Discussion in 'Bass Humor & Gig Stories [BG]' started by tonedeaf, Feb 8, 2005.

  1. tonedeaf

    tonedeaf Supporting Member

    In December, I took a job playing bass in a local production of "Oklahoma." It will be the most money I've ever made for playing bass, but I took it mainly for the growth experience. It is very different from anything else I've ever done.

    First, the "orchestra" consists of piano, violin, trumpet, drums, and bass. We were all given our scores around the middle of December, but didn't practice together until last Friday night. The show opens this Friday. We will have a total of 5 practices together, 4 of those with the cast.

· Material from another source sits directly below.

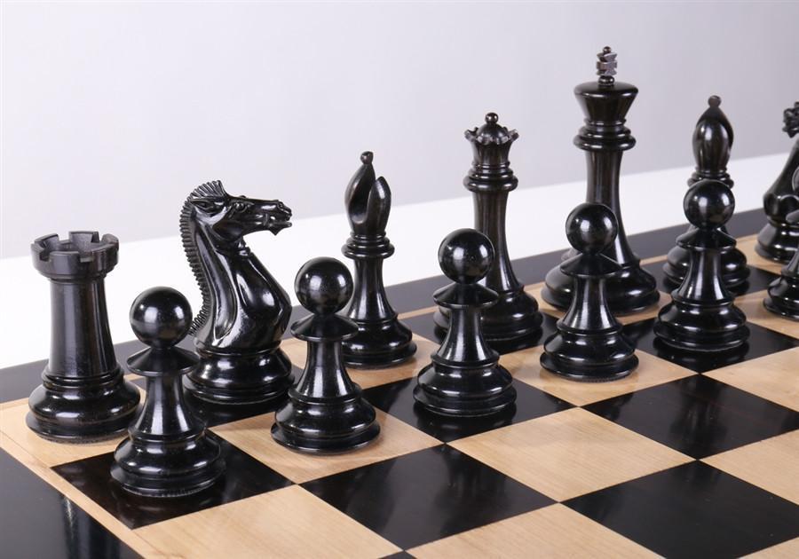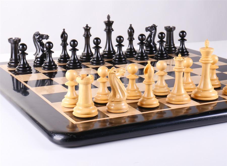 An exclusive luxury chess set for the refined chess player! This stunning 21" ebony chess board with triple-weighted, hand polished, Ebony and Kari chessmen is in Staunton style with beauty and fine craftsmanship.

    The director gave us a list of cuts and transpositions around January 1, then a revised list with different cuts and transpositions around Jan 20. Then, when I got the first group practice on Friday, there were more cuts and transpositions. Maybe par for the course for the seasoned theater bassist, but not for a guy like me, who is self-taught in technique, theory, and reading. I am way out of my comfort zone - and that's a good thing, if I can stave off an ulcer. :rolleyes:

    The band is up on a tiny loft to the right of the stage. We can't see the actors and they can't see us. We do have a little TV with a view of the stage, which three of us have our backs to. How it worked last night was we would start a song, and the singer would come in at some random point, almost never on the 1 and usually at a different tempo. I don't think they can hear us any better than we can hear them. Hopefully the sound crew will be able to get all of that worked out.

    Anyway, so far it's been a very unusual experience for my garage-band, ear-playing, make it up as you go self. I am really impressed by my fellow musicians, who by the sounds of it more or less just showed up and played (vs. practicing for a month and a half on their own like I have been). It definitely gives me something to aspire to.

    Another unique experience has been practicing bass from written music on my own. All by itself, a bassline of written music that is part of an orchestral arrangement doesn't sound much like music at all.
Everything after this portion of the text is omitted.